Print the entries exactly; no image belongs in the copy.

Information START

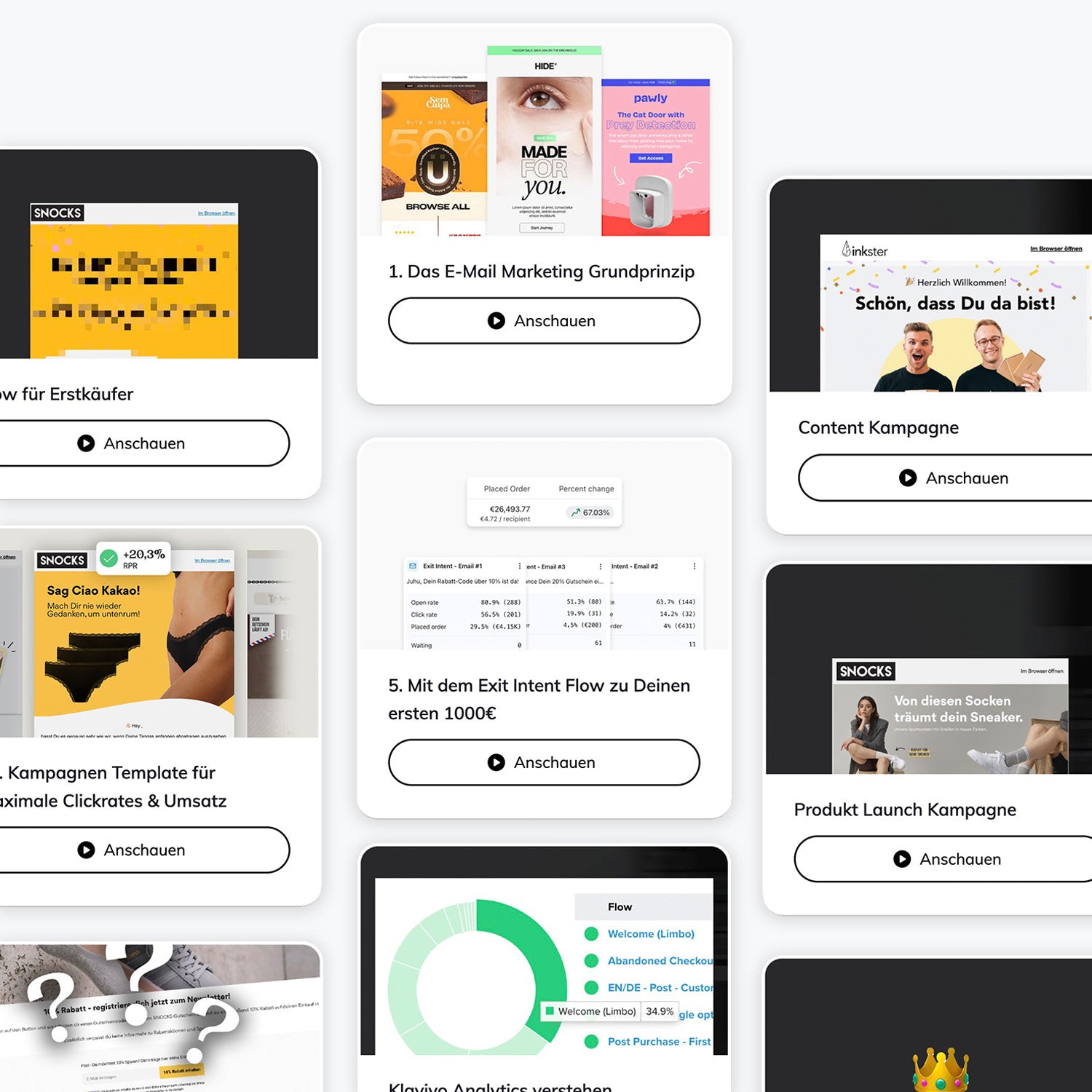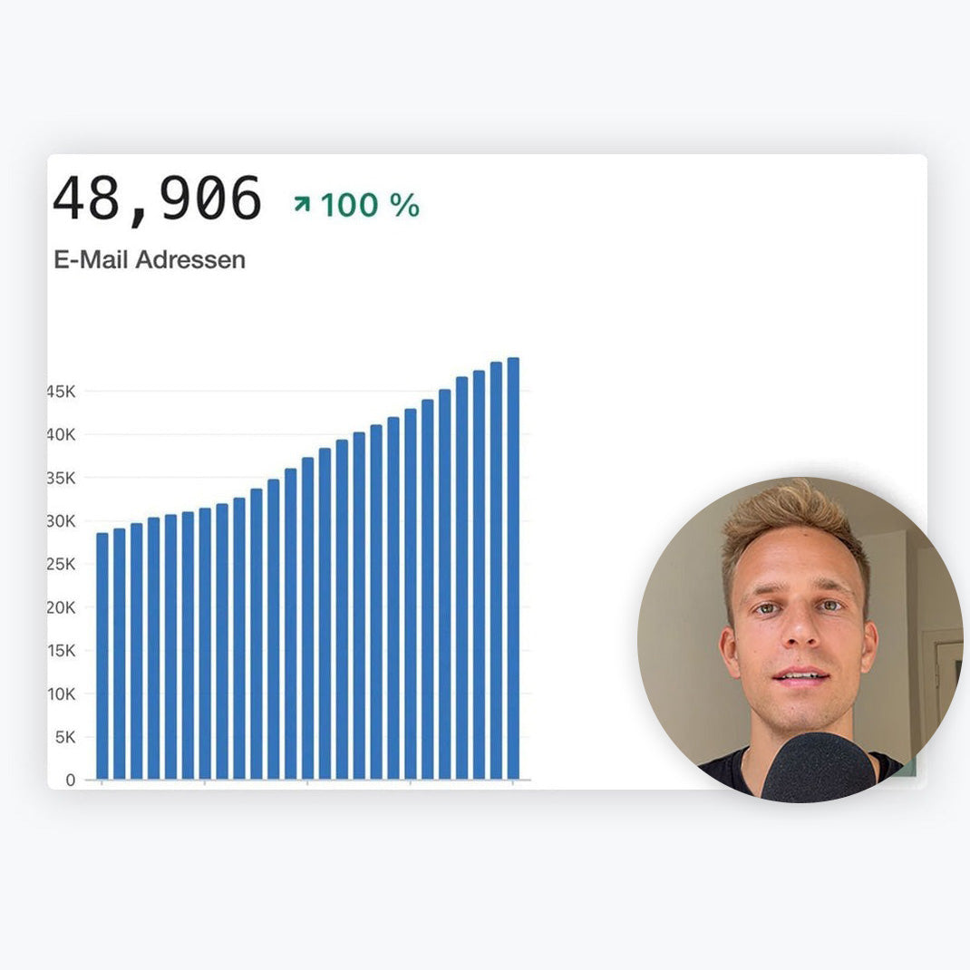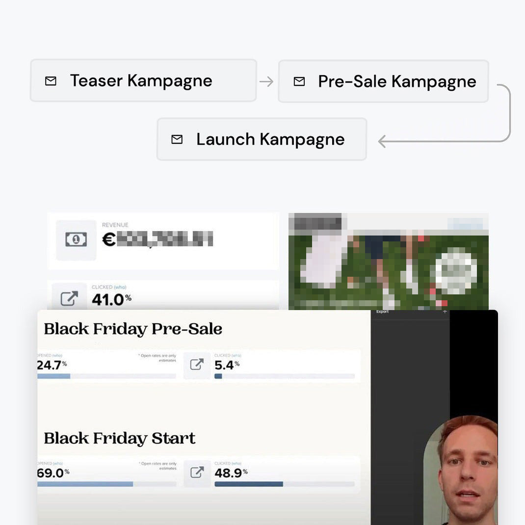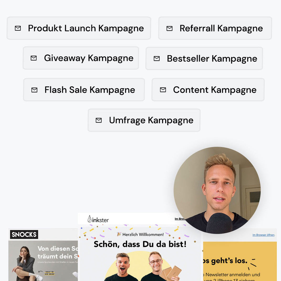 In nur 5 Stunden begleite ich dich dabei, das gesamte E-Mail Setup für E-Commerce Unternehmen aufzubauen. Die Flows, Kampagnen & E-Mails basieren auf dem Setup, das ich für Marken wie Snocks, Inkster oder Störtebekker nutze.
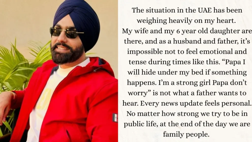 In a heartfelt message on social media, the Qismat star shared his worry for his family’s safety, revealing how difficult it has been for him to cope with the situation from home in Punjab, where he lives. He said that while he is generally strong in public life, hearing his young daughter say something so startling made it impossible for him not to feel deeply emotional. The actor quoted her saying, “Papa I will hide under my bed if something happens. I’m a strong girl Papa don’t worry,” a moment that brought into stark relief the anxiety he and many others are feeling as the crisis unfolds.
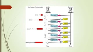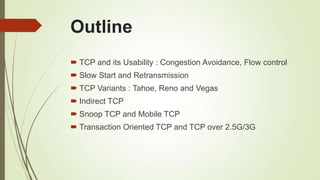 This document discusses various transport layer protocols for mobile networks. It begins by describing TCP and its mechanisms for congestion avoidance, flow control, slow start, and retransmission. It then covers several TCP variants including Tahoe, Reno, and Vegas. It also discusses indirect TCP, Snoop TCP, and Mobile TCP which aim to optimize TCP for wireless networks by handling retransmissions locally or splitting the connection. The document provides details on the algorithms and functioning of these different protocols.
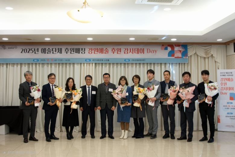 이날 행사는 신현상 강원문화재단 대표이사, 최병갑 강원특별자치도 문화예술과장, 예술단체 및 후원기업 관계자 등 총 30여 명이 참석한 가운데, 후원금 모집 관련 공모사업으로는 올해부터 처음으로 시도한 「2025년 예술단체 후원매칭 지원사업」의 성과를 공유하고, 사업에 참여한 9개의 후원기업에 감사패를 전달하며 지역 문화예술 발전에 기여한 공로를 인정했다.
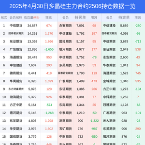 新浪期货 根据交易所数据,截至4月30日收盘主力合约多晶硅2506,涨跌-0.04%,成交量12.46万手,持仓数据显示前20席位呈现净多,差额头寸为8871手。

Information END

§ Answer for this exercise:
 In nur 5 Stunden begleite ich dich dabei, das gesamte E-Mail Setup für E-Commerce Unternehmen aufzubauen. Die Flows, Kampagnen & E-Mails basieren auf dem Setup, das ich für Marken wie Snocks, Inkster oder Störtebekker nutze.
 In a heartfelt message on social media, the Qismat star shared his worry for his family’s safety, revealing how difficult it has been for him to cope with the situation from home in Punjab, where he lives. He said that while he is generally strong in public life, hearing his young daughter say something so startling made it impossible for him not to feel deeply emotional. The actor quoted her saying, “Papa I will hide under my bed if something happens. I’m a strong girl Papa don’t worry,” a moment that brought into stark relief the anxiety he and many others are feeling as the crisis unfolds.
 This document discusses various transport layer protocols for mobile networks. It begins by describing TCP and its mechanisms for congestion avoidance, flow control, slow start, and retransmission. It then covers several TCP variants including Tahoe, Reno, and Vegas. It also discusses indirect TCP, Snoop TCP, and Mobile TCP which aim to optimize TCP for wireless networks by handling retransmissions locally or splitting the connection. The document provides details on the algorithms and functioning of these different protocols.
 이날 행사는 신현상 강원문화재단 대표이사, 최병갑 강원특별자치도 문화예술과장, 예술단체 및 후원기업 관계자 등 총 30여 명이 참석한 가운데, 후원금 모집 관련 공모사업으로는 올해부터 처음으로 시도한 「2025년 예술단체 후원매칭 지원사업」의 성과를 공유하고, 사업에 참여한 9개의 후원기업에 감사패를 전달하며 지역 문화예술 발전에 기여한 공로를 인정했다.
 新浪期货 根据交易所数据,截至4月30日收盘主力合约多晶硅2506,涨跌-0.04%,成交量12.46万手,持仓数据显示前20席位呈现净多,差额头寸为8871手。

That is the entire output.